Exercise description: Reproduce the listing in its entirety. Do not reproduce the pictures.

Exercise data:

======

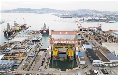 10月29日,我国自主建造的半潜式储油平台主体工程顺利完成。该储油平台最大储油量近2万立方米,将用于我国首个1500米深水自营大气田——陵水17-2项目,预计明年1月竣工交付。 新华社记者 王毓国摄
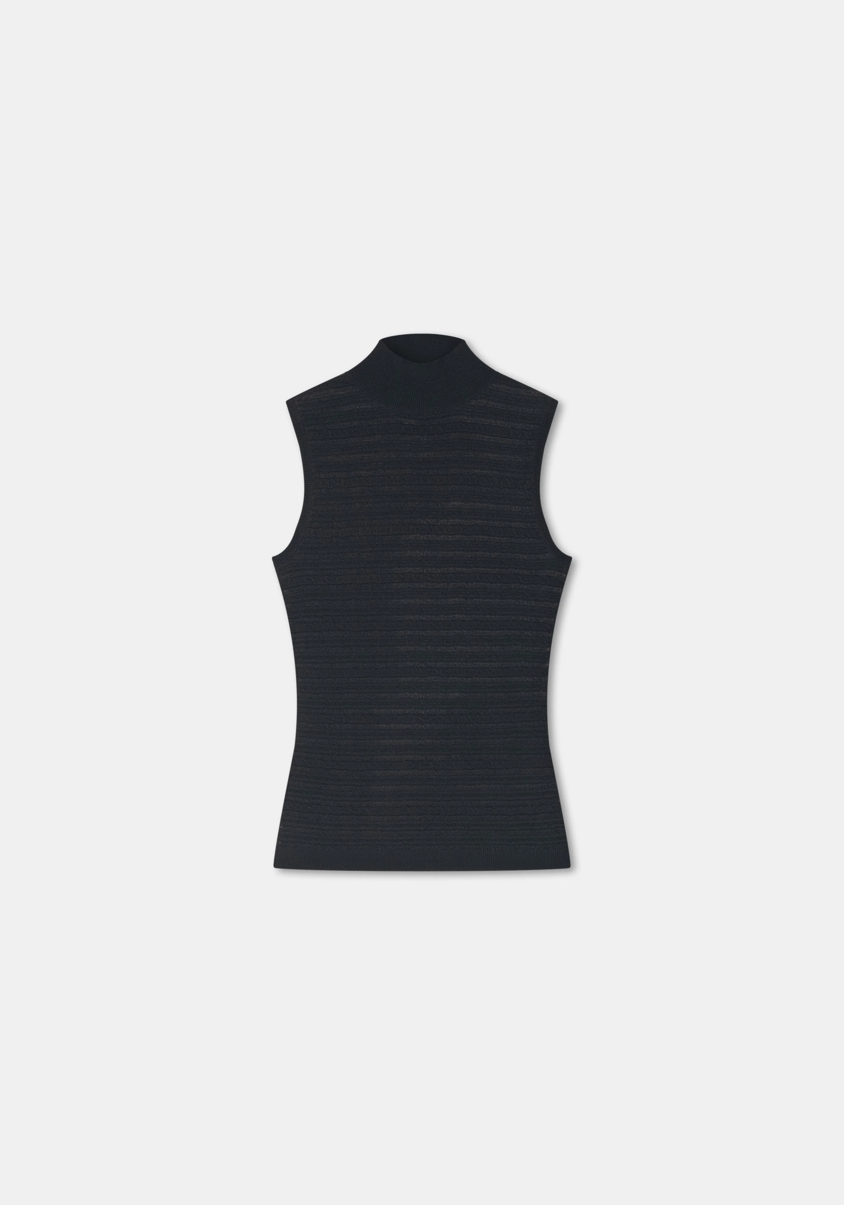 Our MARIBEL sleeveless top has a semi-sheer body with a delicate, textured stripe pattern that adds dimension to its fitted silhouette and features a high neckline. Size and Fit Fits true to size, take your normal size. Fabric and Care 80% viscose, 15% nylon, 4% polyester, 1% elastane Hand wash at 30°C, Do not bleach, Do not tumble dry, Do not iron, Dry clean, Do not wring
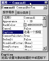 “组件属性窗口”:用来显示组件的属性,并允许我们修改,设定这些属性的值,我们在窗体设计区域的窗体上选中一个组件,以按钮为例,则在“属性窗口”中会列出它的属性,我们可以看到常用的“Name”、“Capition”、“Font”等等属性,试着把“Capition”属性改为“这是一个按钮”,然后看看“窗体设计区域”的按钮上显示的文字是不是改变了。
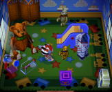 んで、 ここが招待してくれたヒロん家。 他の3軒にも人が住んでんだけど どれも2階建てで コンプリート・オブジェもフル装備、 スゲェ‥ |

======

Problem solution:
 10月29日,我国自主建造的半潜式储油平台主体工程顺利完成。该储油平台最大储油量近2万立方米,将用于我国首个1500米深水自营大气田——陵水17-2项目,预计明年1月竣工交付。 新华社记者 王毓国摄
 Our MARIBEL sleeveless top has a semi-sheer body with a delicate, textured stripe pattern that adds dimension to its fitted silhouette and features a high neckline. Size and Fit Fits true to size, take your normal size. Fabric and Care 80% viscose, 15% nylon, 4% polyester, 1% elastane Hand wash at 30°C, Do not bleach, Do not tumble dry, Do not iron, Dry clean, Do not wring
 “组件属性窗口”:用来显示组件的属性,并允许我们修改,设定这些属性的值,我们在窗体设计区域的窗体上选中一个组件,以按钮为例,则在“属性窗口”中会列出它的属性,我们可以看到常用的“Name”、“Capition”、“Font”等等属性,试着把“Capition”属性改为“这是一个按钮”,然后看看“窗体设计区域”的按钮上显示的文字是不是改变了。
 んで、 ここが招待してくれたヒロん家。 他の3軒にも人が住んでんだけど どれも2階建てで コンプリート・オブジェもフル装備、 スゲェ‥ |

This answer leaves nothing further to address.